On a related topic that we have discussed in these pixels before, I was inspired recently by a post over on the Art of Manliness blog about travel wardrobe choices. Blog contributor Antonio Centeno had this to say about travel style choices: "Finally, dressing well while you travel shows your respect for others and the places they call home." I couldn't agree more.

Finally, over at the must-read Tnooz site I caught a mention of JetBlue's sponsorship of the live Broadway show adaptation of "Catch Me If You Can," which harks back to the glory days of the jet age. "JetBlue's mission and brand essence [is] to bring humanity back to air travel, resurrect the glamour and joy of flying in the 1960s, the industry era created for the Broadway show," says Lisa Borromeo, the airline's manager of brand and partnerships.

We're all trying to do the same thing here: maintain our dignity during travel. We just want to be treated properly. I like to think that most of us make a stab at acting appropriately during what has increasingly become an undignified process. So let's not kid ourselves: road warriors are finding themselves shoehorned into ever smaller seats and digging deeper in their wallets to pay for basics like carry-on luggage. Sometimes we get yelled at or forgotten on tarmac buses. Admit it: these types of regular occurrences do beg the question of whether or not a gentleman should reach for the sports jacket.

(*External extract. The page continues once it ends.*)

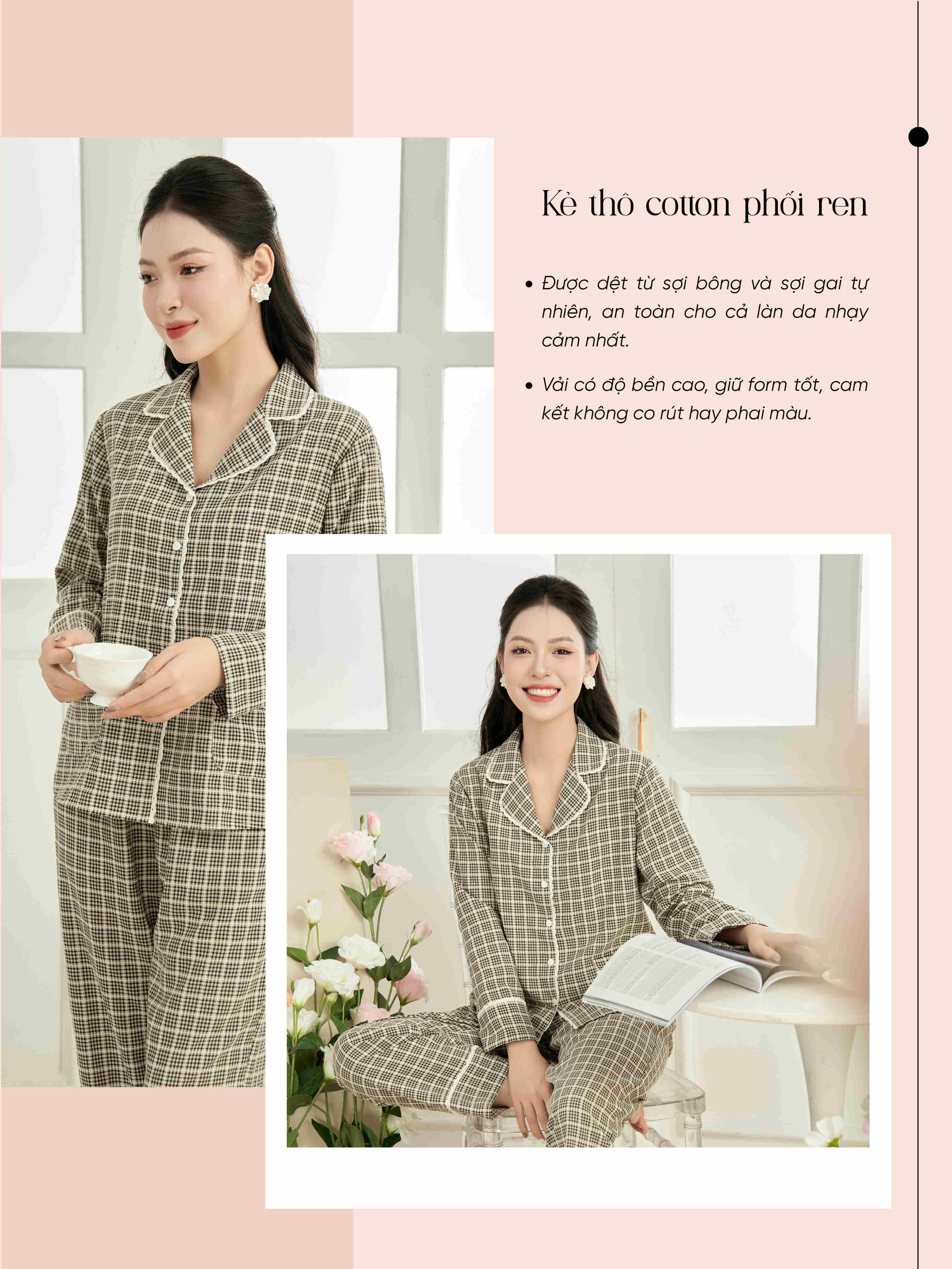 Luôn đặt chất lượng lên hàng đầu để mang đến cho khách hàng những trải nghiệm tuyệt vời nhất, các thiết kế mặc nhà thuộc BST CHANGING SEASONS sử dụng chất vải thô cotton được trải qua một quy trình xử lý phức tạp với nhiều công đoạn để mang đến những sợi vải đạt chuẩn cùng các ưu điểm nổi bật: nhẹ, mềm, thấm hút cực tốt, thân thiện với làn da và có độ bền cao.

I really don't think it's going to get better, but I'm not blaming it on the airlines, either. They satisfy a public desire (low fares) and (somewhat arguably) resource their businesses accordingly. Likewise, Geffen or Polydor Records can't be blamed for the fact that people enjoy listening to insufferable drivel masquerading as music — they are merchants, not arbiters of the cultural good.

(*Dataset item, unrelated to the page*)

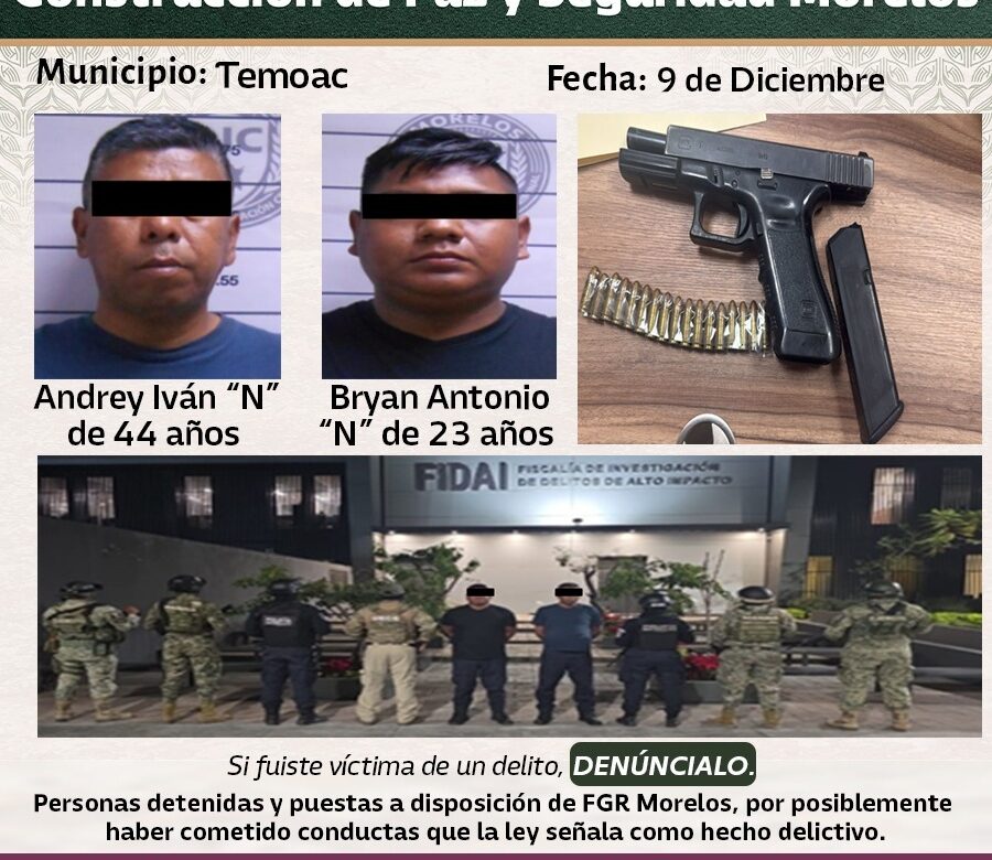 En el municipio de Temoac ejecutaron seis órdenes de cateo en diversos inmuebles en el municipio de Temoac, con el fin de efectuar trabajos de investigación, lo que dio como resultado la detención de Andrey Iván “N” de 44 años y Bryan Antonio “N” de 23 años, quienes son elementos activos como policías municipales.

Nor do I really have much of a solution, except to persevere in my own obsolete and "counter(passenger)culture" ways. I'm going to be pleasant and cooperative with cabin staff and other travel providers. I'm going to follow the safety rules and procedures. I'm going to check out of my hotel on time, and abide by Mr. Centeno's style advice above because I agree it shows respect for others and their culture. I do it because this type of stuff goes along with delivering a firm handshake, speaking frankly and clearly, bringing an appropriate gift, and knowing a few good knots.

If other people want to prance around the hotel lobby of a foreign city in sweatpants, then fine — no one will stop them. But in my experienced opinion, the way to avoid being treated like a head of cattle in your travels is surprisingly intuitive: stop acting like one.